** Working data follows **
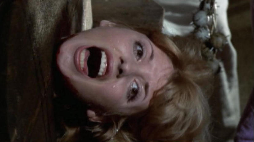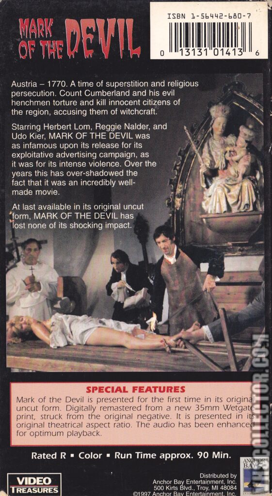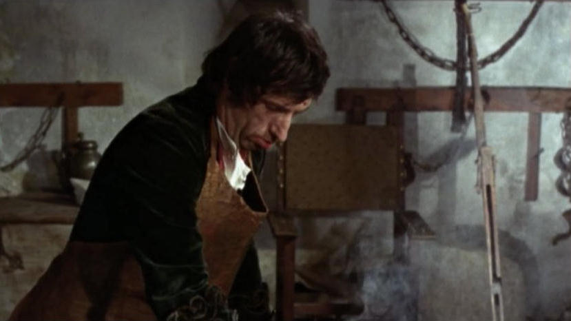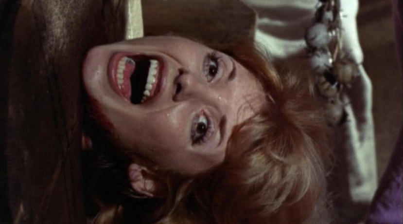 This often is said to be the nastiest of the slew of historically set witch-finder films released in the late 1960’s and early 70’s. As expected, the obligatory hot iron scene does not disappoint. In the longest of several torture sequences, a nude and bloody Gaby Fuchs is stretched on a rack while being grilled by no less than five inquisitors. One of them uses a flaming brand to burn a cryptic array of letters into the sole of her foot. Gaby reacts with wide-eyed agony and screams her confession before being subjected to further torments. VIDEO LINK
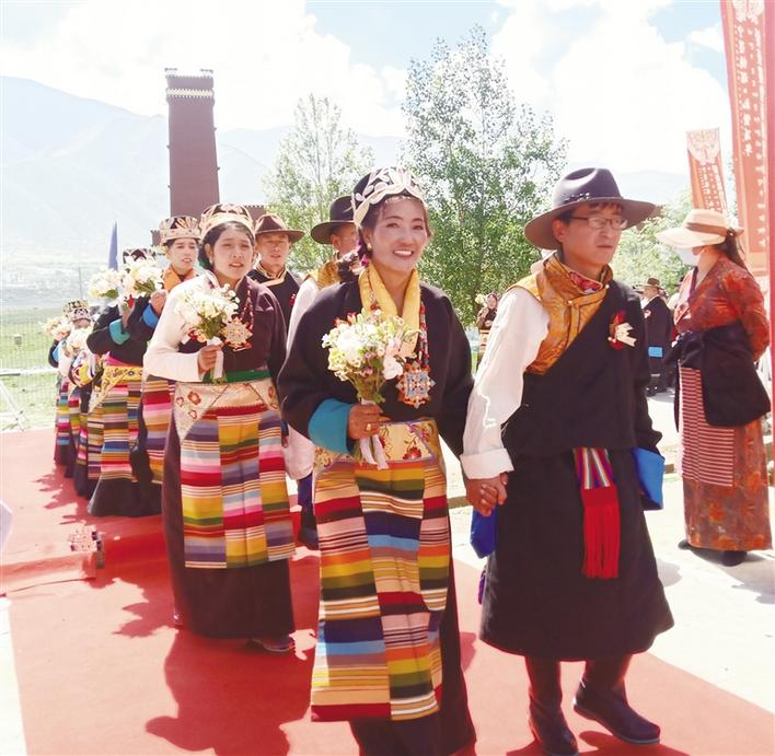 6月28日,寧墨情深·禮贊百年——愛(ài)在墨竹百對(duì)佳人集體婚典在拉薩市墨竹工卡縣甲瑪鄉(xiāng)松贊干布紀(jì)念館盛大舉行,百對(duì)佳人迎建黨百年、結(jié)百年姻緣。
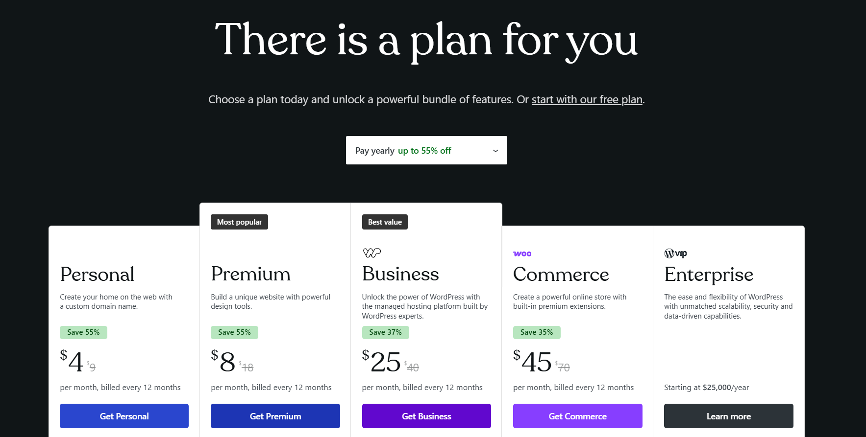 Full CMS platforms like WordPress have options from free to a monthly charge to use, and they often require additional paid components such as premium themes, plugins, and hosting.
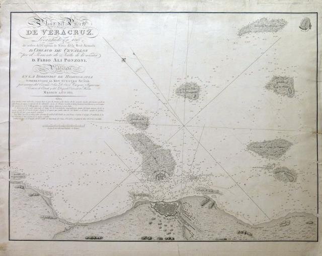 Plano del Puerto de Vera Cruz. Levantado en 1807 de orden del Capitan de Navio de la Real Armada D. Cirlaco De Cevallos por el Teniente de Navio de la misma D. Fabio Ali Ponzoni. Pubblicado en la Direccion de Hidrografia y presentado al Rey Nuestro Senor por mano de Exmo. Sor. D. José Vasquez Figueroa Secretario de Estado y del Despacho Oniversal de Marina.
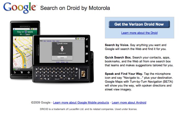 But the company does make exceptions now and then to promote a partner’s product, such as it did with Firefox back in the day, and with the launches of Chrome and the very first Android phone from T-Mobile a year ago. And at least this Droid ad does not break the 28-word rule. The page weighs in at 27 words.
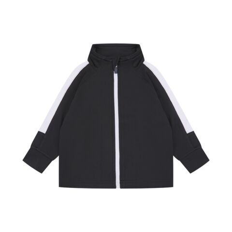Kids track top with contrast panels down the arms and with a contrast zip. Ribbed cuff and hem.
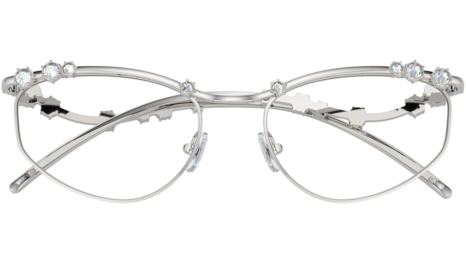 Swarovski optical frame for women model 1015 featuring silver full rim metal frame and base 4 demo lens. Adjustable nosepads. Frame line: Science of Elegance. Brand code: 0SK1015. Color code: 4001. Authorised Swarovski Eyewear Online Reseller. Your glasses will come including the original case and accessories and will be covered by 12 month global warranty.
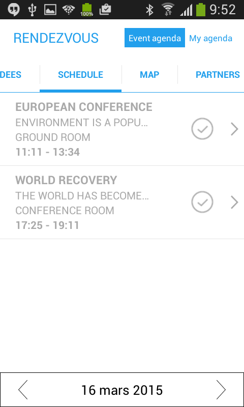 Designed exclusively for its beloved guests, RENDEZ VOUS is an intuitive application enabling all RENDEZ VOUS guests to follow up the event schedule, the one-to-one meetings agenda, the activities proposed and their required dress code but also to discover and connect with all participants and RENDEZ VOUS team.
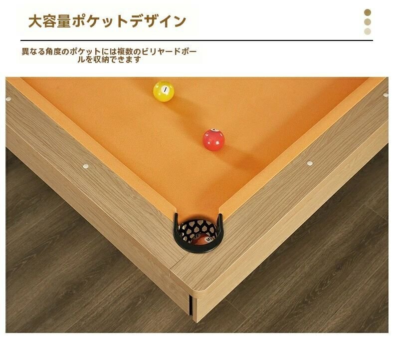 | 高級木製デザイン:シンプルでエレガントなデザインが、どんなインテリアにも調和し、長く愛用いただけます。高品質の仕上がり:耐久性のある素材で作られ、長期間使用可能。あなたの家庭に高級感をもたらします。このビリヤード台は、ビリヤードだけでなく、卓球も一緒に楽しめるため、家族全員や友人との楽しい時間を提供します。ご自宅にエンターテイメントの中心を持ち込んで、贅沢なひとときをお過ごしください。お部屋に合わせた最適なサイズを選び、さらに楽しみを広げましょう。 |
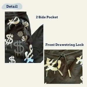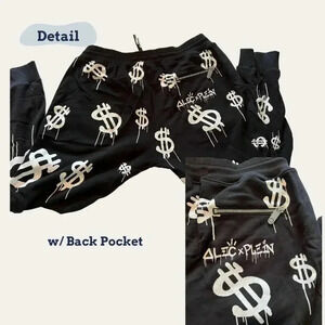 Make a bold statement with these eye-catching Philipp Plein Dollar Sign Joggers. Crafted from high-quality materials, these joggers offer a comfortable and stylish fit. The all-over dollar sign print adds a touch of luxury and rebellion, while the drawstring waist and side pockets provide convenience and functionality. Perfect for casual wear or a night out, these joggers are sure to turn heads.
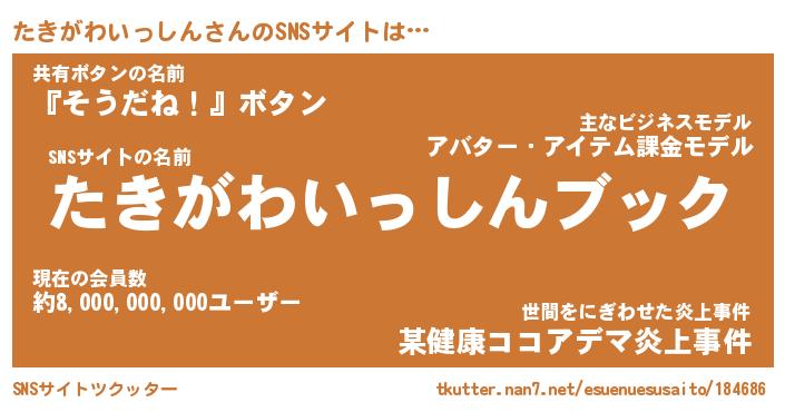 | 胡散臭い通販商品みたいなあだ名 | 『億万長者になれるブレスレット…その名も「たきがわいっしん」』 |
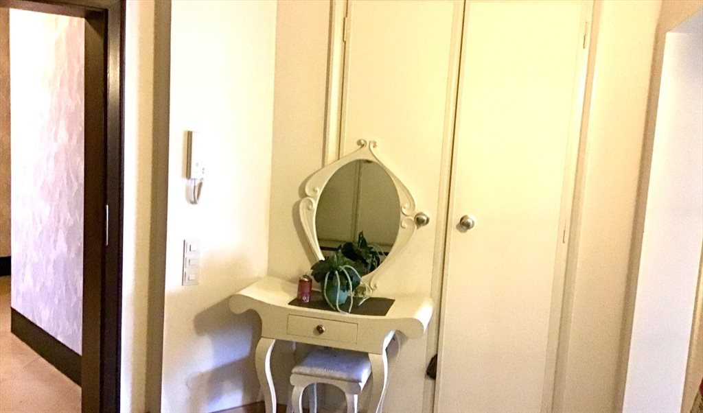 lavabo dans chambre, lit 200*140, bureau de style, fauteuil, armoire trois portes miroir central, miroir monumental
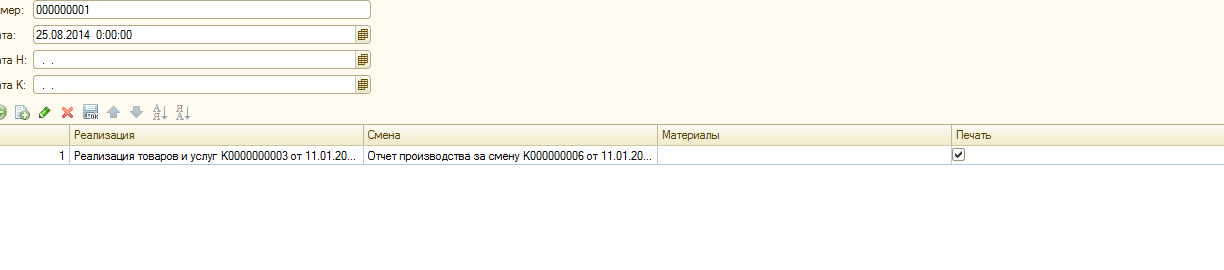 В табличную часть попадают все реализации продукции (кор кредит сч. 43) и к каждой автоматически подбирается отчет производства за смену. Есть колонка Материалы и есть колонка печать. В колонку ставится флажок (галочка) если есть списание материалов в отчет производства за смену. Возможность установка галочек печать от условий.
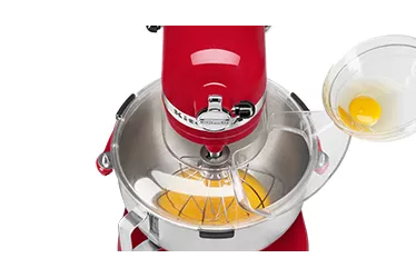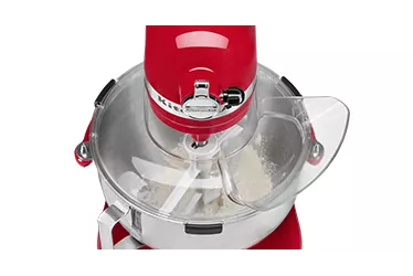 Secure Fit Pouring ShieldIntroducing the new Secure Fit Pouring Shield, designed to minimize countertop messes while you're mixing. Featuring easy snap tabs that securely attach the pouring shield to your stainless steel mixing bowl, and a large angled ingredient slide which allows you to easily add your carefully measured ingredients. Fits most* 5, 5.5 and 6 Quart KitchenAid® Bowl-Lift Stand Mixers** with stainless steel bowls. *Does not fit KN25WPBH, **Sold separately.
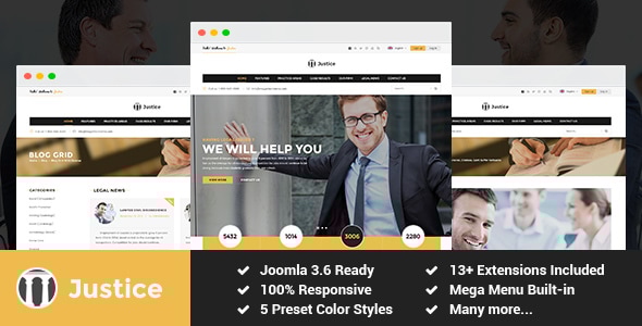 SJ Justice is a fully responsive Law Firm Joomla Template that allows you to create individual attorneys, lawyers, law firms, personal injury attorney, personal injury lawyer and for any legal and law related small business firms. With modern, clean and professional layout, this business Joomla template makes sure of your potential client to visit your site. The template comes with lots of real word features to build a law firm website such as: services, trusted attorneys, legal news, areas of practice, blog and much more. FULLY RESPONSIVE LAYOUT Based on YT Framework v3, SJ Justice will bring to customers a great look on any devices: PC, mobile, ipad… or any screen resolutions.Let experience it! MEGA MENU With mega menu you can show categories and news with description, image, video, effects… or even add links to any page, static blocks with promotion banners and modules. 5 PRESET COLOR STYLES This template is available with 5 color styles: Cyan, Orange, Yellow, Red and Green. Besides, it allows you to fully customize color schemes in back-end. YT FRAMEWORK V3 YT Framework makes it very simple for you to build, customize and handle your own website with a wide range of easy tasking features. 65+ USEFUL SHORTCODES Powered by YT Shortcode, SJ Justice comes with 65+ useful shortcodes that help you more powwerful in building and cusstomizing your site. You can easily build a various website content without much coding knowledge required. HTML5, CSS5, BOOTSTRAP 3 & LESS SJ Justice is built with new web technologies: Bootstrap 3, Awesome Google Font, LESS, CSS3, HTML5 that makes it more powerful and flexible. OTHER FEATURES-
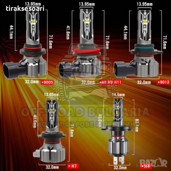 2 БРОЯ LED Диодни крушки Hyper Е2 – H4 200W 12V +300% → Обява 40233533
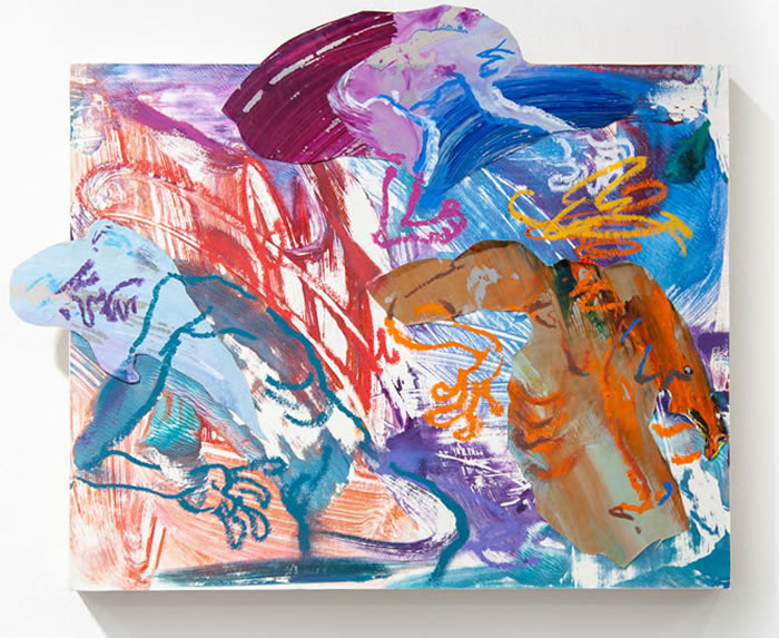 除此之外,他还通过拼贴元素进一步打破作品的边界:调色盘残骸被剪裁为不规则形状,转印复刻的亚克力版在肢解后被嵌入画面……龚若愚形容自己的创作为一种冥想与内观:“脑海中的场景就如同拼贴一样从来不是规则的,它的形状正契合了我的情绪边界。”
** End of Working data **
## To do
Restate, word for word, each line from the one with "SJ Justice is a" to the end of the entries, both included, and keep every picture out.

## The completed task
 SJ Justice is a fully responsive Law Firm Joomla Template that allows you to create individual attorneys, lawyers, law firms, personal injury attorney, personal injury lawyer and for any legal and law related small business firms. With modern, clean and professional layout, this business Joomla template makes sure of your potential client to visit your site. The template comes with lots of real word features to build a law firm website such as: services, trusted attorneys, legal news, areas of practice, blog and much more. FULLY RESPONSIVE LAYOUT Based on YT Framework v3, SJ Justice will bring to customers a great look on any devices: PC, mobile, ipad… or any screen resolutions.Let experience it! MEGA MENU With mega menu you can show categories and news with description, image, video, effects… or even add links to any page, static blocks with promotion banners and modules. 5 PRESET COLOR STYLES This template is available with 5 color styles: Cyan, Orange, Yellow, Red and Green. Besides, it allows you to fully customize color schemes in back-end. YT FRAMEWORK V3 YT Framework makes it very simple for you to build, customize and handle your own website with a wide range of easy tasking features. 65+ USEFUL SHORTCODES Powered by YT Shortcode, SJ Justice comes with 65+ useful shortcodes that help you more powwerful in building and cusstomizing your site. You can easily build a various website content without much coding knowledge required. HTML5, CSS5, BOOTSTRAP 3 & LESS SJ Justice is built with new web technologies: Bootstrap 3, Awesome Google Font, LESS, CSS3, HTML5 that makes it more powerful and flexible. OTHER FEATURES-
 2 БРОЯ LED Диодни крушки Hyper Е2 – H4 200W 12V +300% → Обява 40233533
 除此之外,他还通过拼贴元素进一步打破作品的边界:调色盘残骸被剪裁为不规则形状,转印复刻的亚克力版在肢解后被嵌入画面……龚若愚形容自己的创作为一种冥想与内观:“脑海中的场景就如同拼贴一样从来不是规则的,它的形状正契合了我的情绪边界。”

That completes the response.